Nossa discordância geralmente se dá no nível da opinião. Para Platão, a opinião (doxa) se oporia ao conhecimento (episteme). É uma definição bem usual para nossas diferenças atuais. A grande maioria dos debates acalorados que acabam com grupos de amigos e com os natais das famílias, não são frutos de uma reflexão sincera sobre o tema. Mas, de um apego infantil à margem, a partir da qual cada um vive a Vida.
No fim das contas, a atitude é mais importante do que a opinião. Opiniões não podem nos unir; atitudes mentais de franqueza e abertura para compreender o ponto de vista do outro, entender de onde eles partem e refletir sinceramente a partir de nosso próprio local de observação, podem! E o primeiro passo para isso é aceitar o direito que cada um possui de ter suas próprias conclusões.

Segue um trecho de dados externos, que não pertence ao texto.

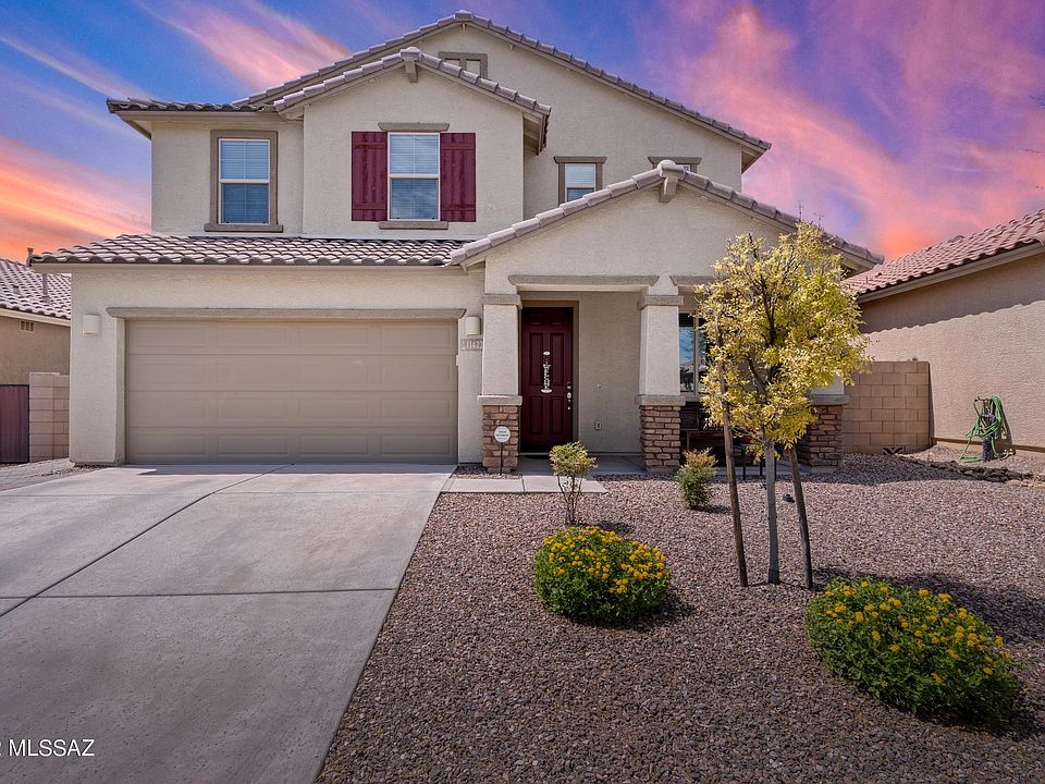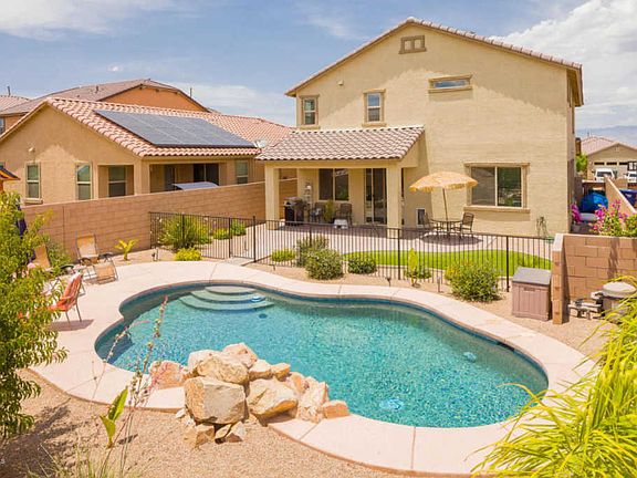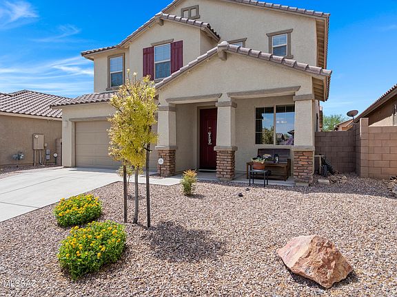 Beautifully maintained home in Mountain Vail Reserve that will capture you as soon as you enter the door. Designer touches throughout the home, such as beautiful granite counters in the kitchen, tiled showers in guest bathrooms, and a super shower in the primary room. This home features 5 bedrooms and 3 full bathrooms with one bedroom and full bathroom downstairs. The gourmet kitchen welcomes you with granite counters, with 42'-inch cabinets, a gas range, and stainless appliances overlooking the great room and opening out to the backyard. The Backyard is an entertainer's dream with a long covered patio with pavers leading to a pebble tech pool. Highly rated Vail School District & the easy access to I-10, U of A Tech Park & Davis Monthan Air Force Base.

Isso não significa aceitar tudo e ser indiferente ao que se considera errado. É claro que opiniões que negam aos seres humanos o direito de serem quem são, ou que toleram a desonestidade em nome de um “mal menor” precisam ser combatidas por aqueles que querem uma sociedade mais Unida. Mas, não precisamos combater as pessoas que pensam assim. E para que isso seja possível, é preciso sentir com a pessoa que está por trás do ponto de vista. Entender um pouco quem ela é. Esse exercício pode ser surpreendente, basta começarmos a praticar!